= Discourse ethics =

Argument focused on ethics

Discourse ethics is a philosophical theory of morality, attempting to update Kantian ethics for modern egalitarian intuitions and social epistemology. The theory originated with German philosophers Jürgen Habermas and Karl-Otto Apel, and variations have been used by Frank Van Dun and Habermas' student Hans-Hermann Hoppe.

Kant extracted moral principles from the necessities forced upon a rational subject reflecting on the world.

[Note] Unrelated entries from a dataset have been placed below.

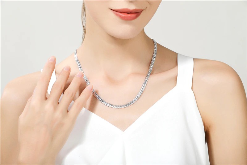 DOTEFFIL 925 فضة 6 مللي متر كامل جانبية قلادة 16/18/20/22/24 بوصة سلسلة للمرأة الرجال موضة الزفاف خطوبة مجوهرات
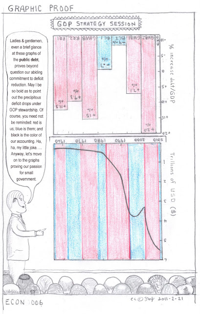 If you really want the “right” side-up of GOP deficit records, visit http://en.wikipedia.org/wiki/National_debt_by_U.S._presidential_terms and also check out the links to government and other sites. The Ten Trillion Dollar Question: Is 30 years of data not enough to prove that deficit reduction is a promise devoid of substance or intention?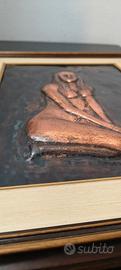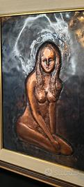 Elegante opera artigianale in rame sbalzato a mano, risalente agli anni '70. Raffigura un nudo femminile stilizzato con bellissimi riflessi ambrati e bruniture originali. Dettagli: Firmato dall'artista in basso. Cornice: In legno originale dell'epoca (ottime condizioni). Misure: Circa 48x38 cm. Stile: Modernariato / Mid-Century. Pronto da appendere. Un pezzo unico di grande impatto decorativo.

Habermas extracted moral principles from the necessities forced upon individuals engaged in the discursive justification of validity claims, from the inescapable presuppositions of communication and argumentation.

The simplest form of discourse ethics is Habermas' "Principle of Universalization", which holds that
a moral norm "is valid just in case the foreseeable consequences and side-effects of its general observance for the interests and value-orientations of each individual could be jointly accepted by all concerned without coercion."

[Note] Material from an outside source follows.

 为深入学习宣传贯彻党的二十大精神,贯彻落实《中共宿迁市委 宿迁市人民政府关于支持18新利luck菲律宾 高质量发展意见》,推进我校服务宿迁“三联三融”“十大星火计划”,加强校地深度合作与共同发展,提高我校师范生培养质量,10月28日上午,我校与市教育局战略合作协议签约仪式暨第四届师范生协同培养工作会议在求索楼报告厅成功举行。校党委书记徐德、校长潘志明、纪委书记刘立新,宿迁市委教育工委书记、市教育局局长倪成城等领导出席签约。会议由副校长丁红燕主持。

Discourse ethics is a possible grounding for critical theory. In that context, it argues that immoral social ills arise through stymied discourse, wherein certain participants cannot or do not submit their views for rational deliberation.

It is also a possible approach to the management of science. That approach is primarily popular in Europe, in part because Europeans prefer rule-based social adaption to technological progress, whereas Americans prefer utilitarian approaches.

==Habermas and Apel==
Habermas's discourse ethics attempts to explain the implications of communicative rationality to moral insight and social norms. It reformulates Kantian deontological ethics into the analysis of communicative structures. This means that it is an attempt to explain the universal and obligatory nature of morality as a consequence of certain universal obligations associated with successful communication.

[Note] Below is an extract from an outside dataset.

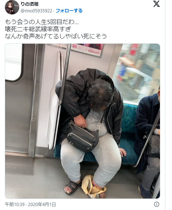 左足が壊死したのに治療を拒み、物凄い悪臭を漂わせながら電車でうろついていたことで有名になった通称〔左足壊死ニキ〕。こうなりたいですか?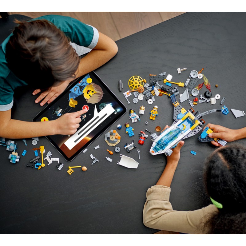 Do zabawy zestawem LEGO City Wyprawy badawcze statkiem marsjańskim wymagany jest smartfon lub tablet z zainstalowaną bezpłatną aplikacją Instrukcje budowania LEGO.

It is also a cognitivist moral theory, which means it holds that moral norms can be justified like facts. Thus it is explicitly attempting to bridge the gap between the "is" and the "ought."

However, the entire project is undertaken as a rational reconstruction of moral insight. It claims only to reconstruct the implicit normative orientations that guide individuals and it claims to access these through an analysis of communication.

===Public discourse ethics===
Public discourse ethics consists of conversations about ideas in civic or community contexts marked by diversity of perspectives requiring thoughtful public engagement. This discourse is made up of differing insights that helps to shape the public's engagement with one another. This type of discourse is meant to protect and to promote the public good.

For public discourse ethics to be successful there must be an effective level of civility between people or persons involved (Freud: "Civilization began the first time an angry person cast a word instead of a rock"). At the same time, participants must be free to criticize each other's argumentation.

Public discourse ethics allows interlocutors to make ethical or normative demands on each other. The result should be "public accountability," a combination of three basic factors:
- a diversity of ideas,
- an engagement of public decision making, and finally
- a rational explanation for continuing or changing a common practice

===Presupposition===
In Habermas' theory, normative validity would certainly arise from an ideal public discourse. Habermas maintains that in fact it must also arise from any argumentative procedures in which participants achieve genuine agreement (see universal pragmatics). Thus moral strictures can be derived from everyday practices used to resolve issues concerning the legitimacy of actions and the validity of the norms governing interactions, which Habermas calls principle (D).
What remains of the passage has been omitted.